According to Sherman, retail competition is the US has not been a great success yet. He explained that the introduction of the restructuring lowered prices, because asset values did fall. To win the support of the incumbents for the restructuring nearly all states paid the incumbents the stranded costs. Prices since the restructuring reflected the efficient level, which made new entrance difficult. The passage of time might reduce the problem caused by the remuneration of stranded cost.

 

Discussion

 

Jules Theeuwes (ENCORE) complimented Roger Sherman with his article, which important contribution is a combination of theory and the application of the theory in practice.

 

The first question of Jules Theeuwes concerned the point made by Sherman that the current guidelines for access pricing by FCC were not sustainable. According to Theeuwes, regulated prices should be fair and should provide incentives for innovation. Theeuwes asked Sherman to explain his view on the possibility to set prices that would satisfy these restrictions.

 

Sherman answered that the bottlenecks of the current pricing guidelines could be decreased if the FCC would be more selective in rewarding network elements with the status of essential facilities. Only those elements that are needed to ensure competition should be selected as essential facilities. Entrants will then choose to invest in their own facilities. A good market analysis by FCC could therefore narrow the negative effects of the current regulation. In addition, the regulation based on the ideal network ensures that only firms that have taken perfect decisions would get reimbursed their cost. Sherman expects the access prices to go up to ensure a sufficient level of investment in the future.

 

Regarding the electricity market, Jules Theeuwes said that in Europe the single European Electricity Market is a dream. He asked the opinion of Sherman on this idea of a single market, in particular: ‘are local markets good enough and how to achieve a single market?’

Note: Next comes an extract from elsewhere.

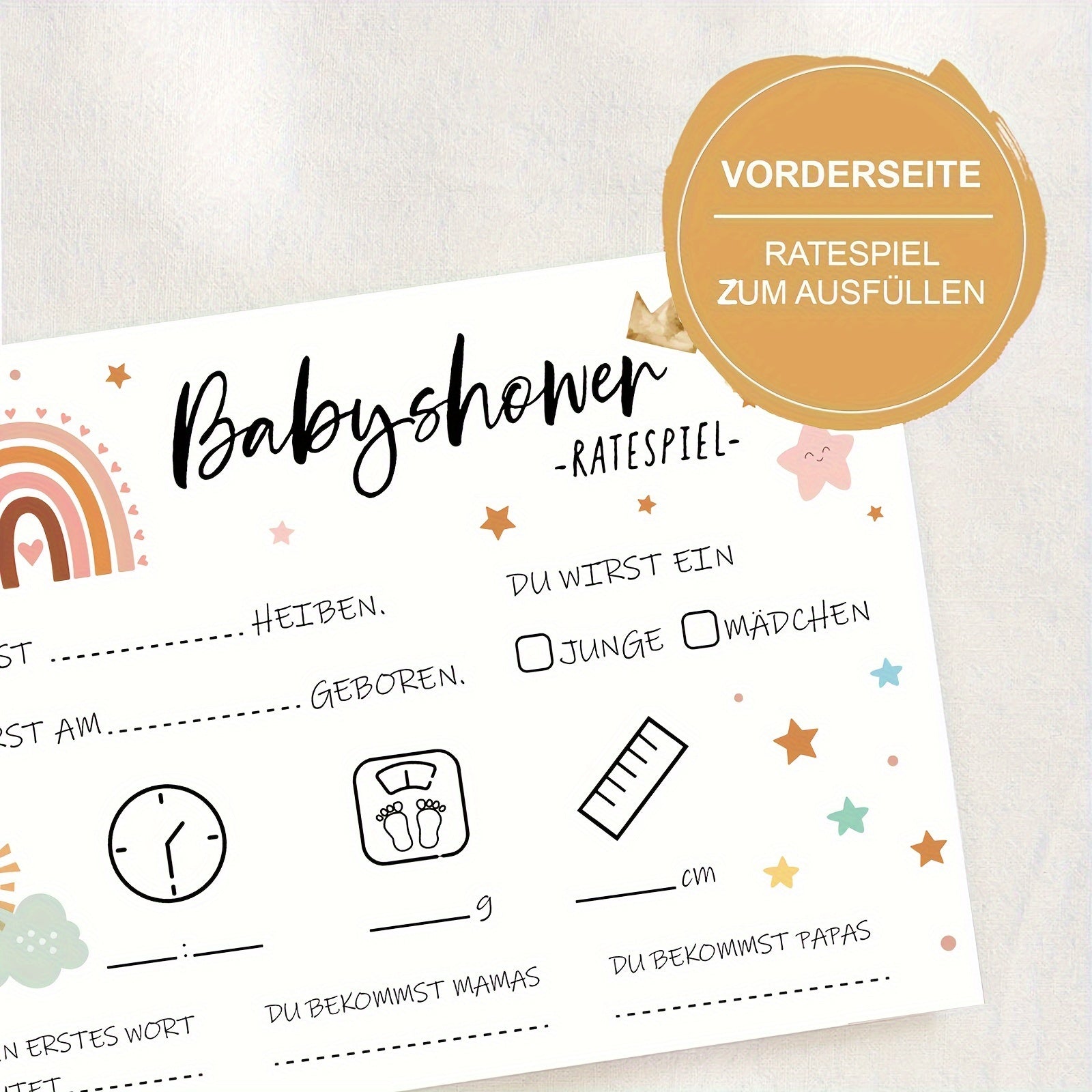 Kids Shower Quiz Game Cards for Boys and Girls Party Activity A6 Size

Sherman pointed out that a single market does not exist in the US. However, a development towards market integration can be seen. The integration of the PJM markets (PJM ensures the reliability of the largest centrally dispatched control area in North America by coordinating the electricity flow in all or parts of Delaware, Maryland, New Jersey, Ohio, Pennsylvania, Virginia, West Virginia and the District of Columbia) is a good example of this development. At this very moment, there are about 10 Regional Transmission Companies in the US. Most of them serve several states, but there are also regional transmission companies, for example, the one that serves 85 percent of the territory of the state of Texas.

 

Masja Stefanski (Ministry of Economic Affairs) asked Sherman to give his opinion about the current discussion in the Netherlands about the privatization of the network companies.

Sherman answered that the ‘transmission troubles’ suggested that public ownership of at least the transmission networks might be worthwhile to consider. On the other hand the transmission troubles could be mitigated by smart regulation of congestion. Sherman added that in the US there is a long time commitment to private ownership. Private ownership in generation works very well.

 

In addition, Martijn van Gemert (Dutch Energy Regulator) asked whether smart regulation could solve the transmission troubles.

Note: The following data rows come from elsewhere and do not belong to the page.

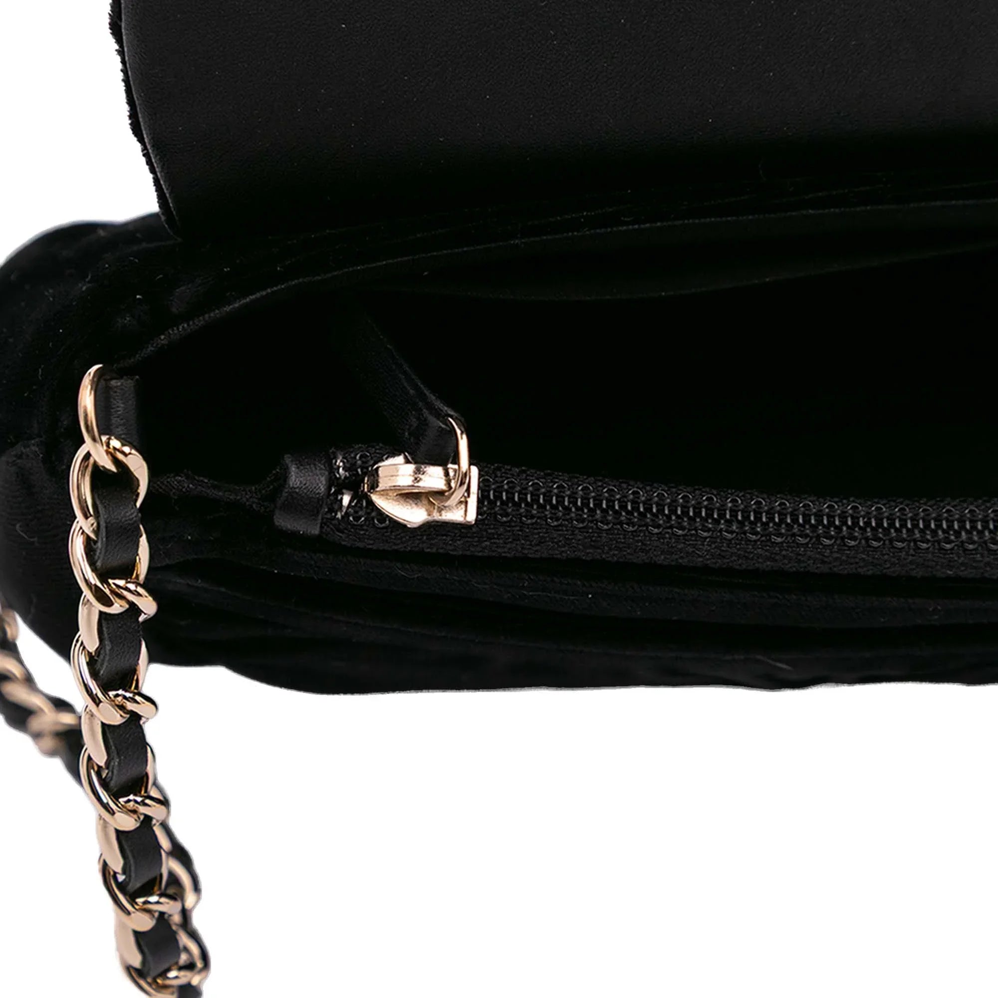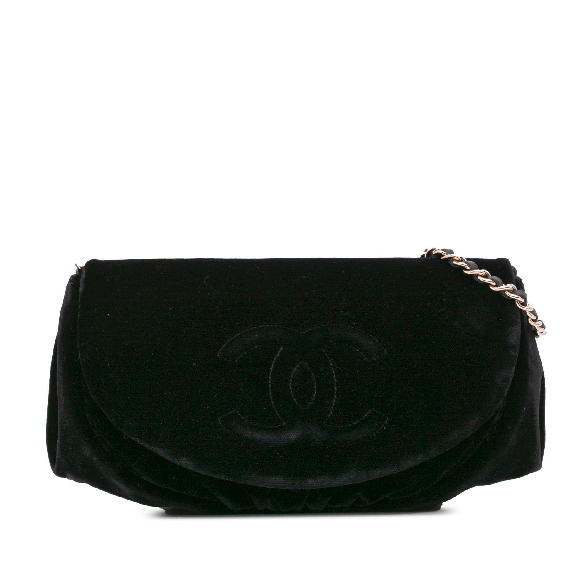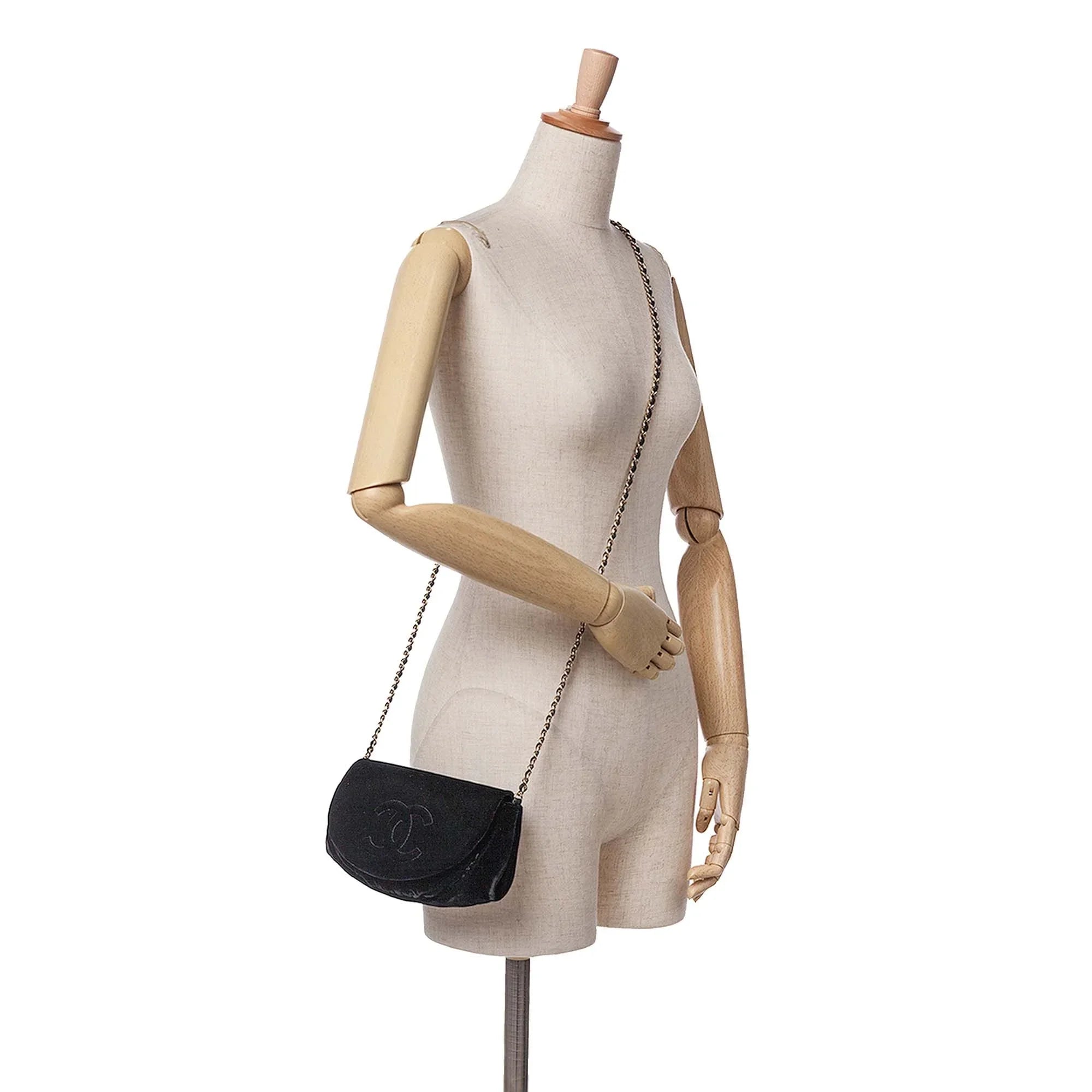 Black Chanel CC Velvet Half Moon Wallet on Chain Crossbody Bag
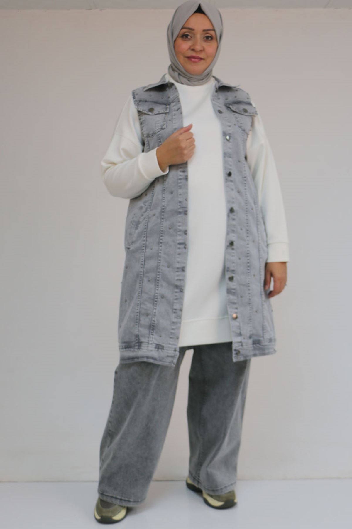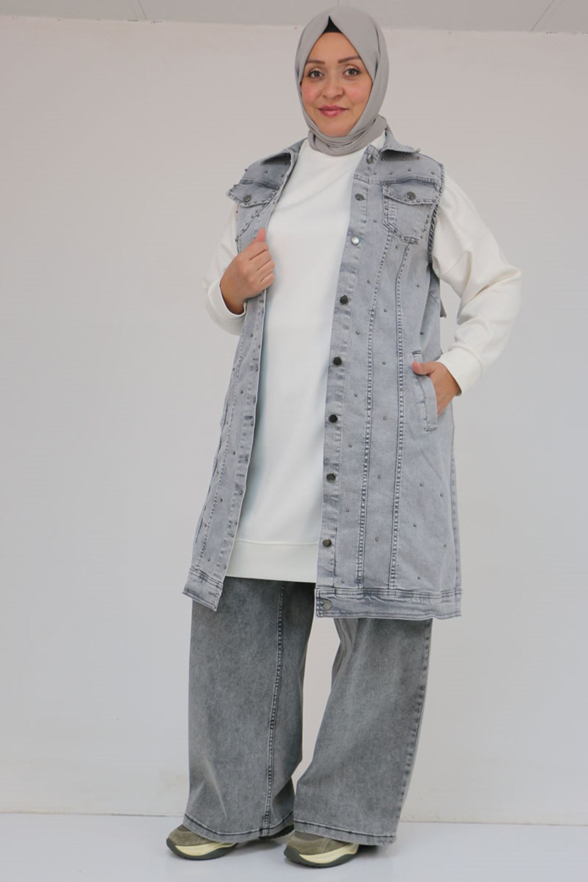 54007 Büyük Beden Çift Cepli İnci Çakmalı Kot Yelek - Kar Yıkama Gri
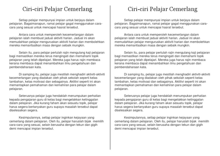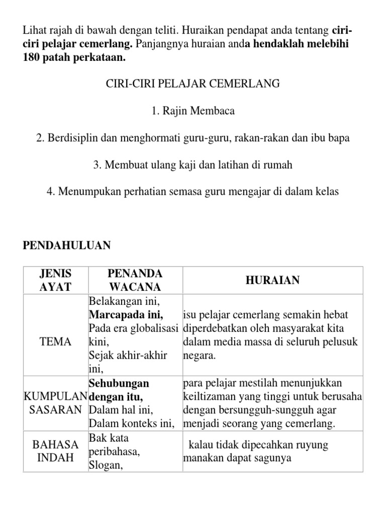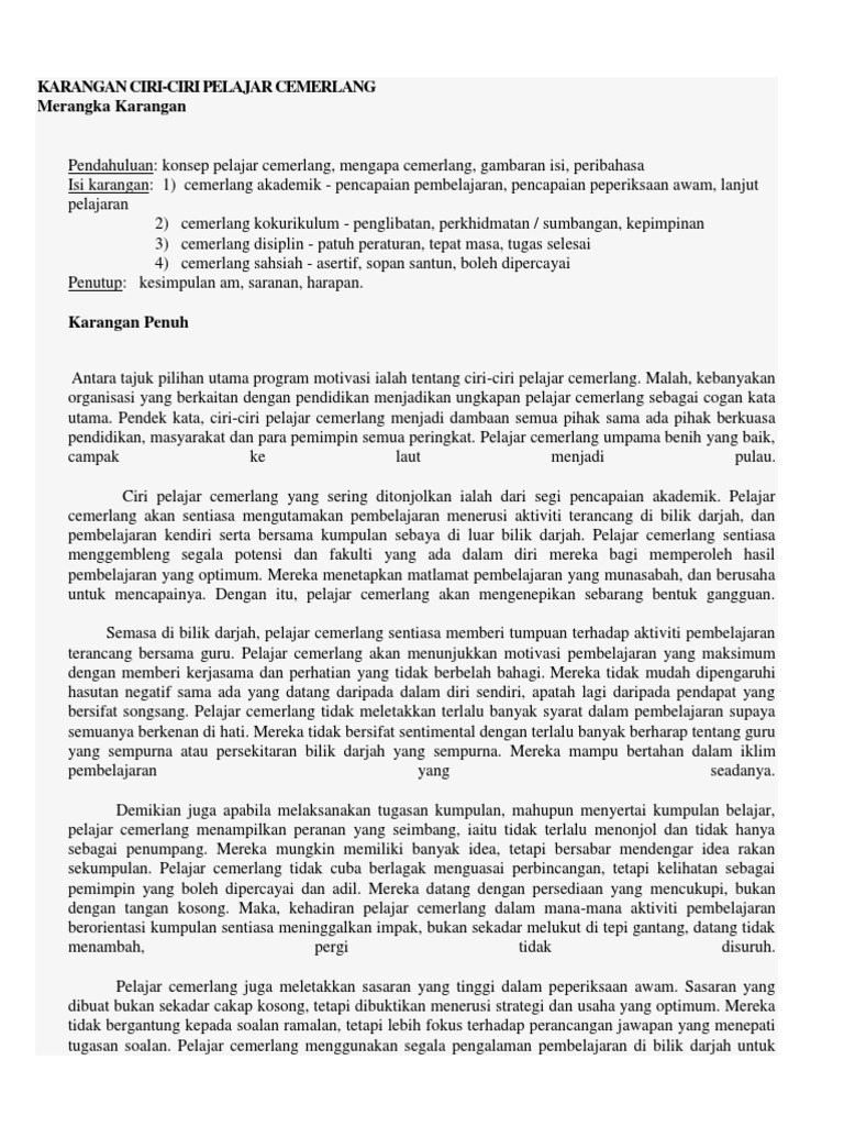 Koleksi karangan bahasa melayu, bahasa inggeris (english essays), bahasa arab: Selain itu, pihak sekolah boleh menjadikan permainan tradisional ini sebagai salah satu bentuk aktiviti kokurikulum yang disertai oleh pelajar. Berderap seiring berjalan pulang, mawar disisip hiasan si dara seterusnya, pelajar yang cemerlang sentiasa mengikut ajaran agama. Berikut adalah ciri ciri karangan argumentasi: Sentiasa menumpukan perhatian ketika guru sedang mengajar di dalam kelas. Pada kali ini saya kongsikan contoh karangan, isi isi karangan, teknik menulis dan kertas percubaan bagi rujukan kepada pelajar upsr, pt3, spm dan stpm. Kalimat yang meyakinkan pembaca tentang suatu pendapat penulis. Image result for contoh karangan cemerlang pt3 words. Berderap seiring berjalan pulang ciri utama yang perlu ada dalam diri seorang pelajar cemerlang ialah mempunyai sahsiah dan sebagai contoh, seorang pelajar islam yang cemerlang sentiasa menunaikan tanggungjawabnya. Rajin melakukan ulangkaji pelajaran, terutama pada waktu lapang. Antara ciri utama pelajar cemerlang ialah pencapaian yang memberangsangkan memberangsangkan dalam bidang akademik. Buat sehabis baik, jangan bazirkan 15 markah yang diperuntukkan untuk karangan ulasan pt3 bahasa melayu ini. Setiap pelajar mempunyai impian untuk berjaya dalam.

Sherman answered that there exist smart pricing regimes for congestion, but they are complex and the investment incentive problem is still not solved. He added that regulation models could not solve all problems. He referred, as an example, to the heavy storms in Virginia where half of the electricity network was destroyed. A price-cap system would make it very difficult to restore the network.

 


Evolutionary Regulation: From CPI-X towards contestability

by Peter Bogetoft

 

Presentation

 

The market mechanism is the guiding economic principle in Western society. A competitive market ensures, by ‘the invisible hand’, that the right services are produced at the right time and place (coordination), that parties have individual incentives to make coordinated decisions (motivation) and that coordination and motivation are provided at the lowest possible cost (transaction cost). However, the market can fail due to, for example, the existence of natural monopolies, externalities and public goods.

 

It is generally acknowledged that activities operated by (regional) monopolies require government intervention. Therefore, a regulatory body is typically assigned to set price controls, which eliminates monopolistic profits and encourages efficiency. However, due to asymmetric information about, for example, costs and technology, the regulator faces both moral hazard and adverse selection problems.

 

The regulator has the objective to achieve the same outcome as in a competitive market, which is to ensure coordination, motivation and minimal transaction costs. However, the regulator knows that regulation can never achieve market outcomes; at best the regulator can mimic a competitive market by carefully using elicited information.

 

The regulatory toolbox

 

The regulator can use more or less ingenious and effective tools to achieve a solution for the market failure of a natural monopoly. Bogetoft stressed that theorists and practitioners only start to know about the dynamics of regulation. The dynamics of regulation is especially important since regulated firms face very long-run investment programs, which makes regulation a long-run game. Behavior of regulated firms is a response to current regulation, past regulation and anticipated regulation. We only start to learn about what drives technological development, the time needed to learn and to adopt strategic behavior and endogenous preferences. Fundamental questions are: Why are firms inefficient? Do firms choose their inefficiency in a rational way? How is inefficiency affected by regulation?

 

Bogetoft distinguished four different types of solution.

 

- Cost recovery regimes[4]

In this regulatory mechanism, the regulator sets prices based on the incurred costs of the regulated agents. The incurred costs are often marked up by a ‘fair and reasonable’ rate of return. Unless subject to good information regarding cost, this approach results in skewed investment incentives, perverse efficiency results and lack of managerial effort.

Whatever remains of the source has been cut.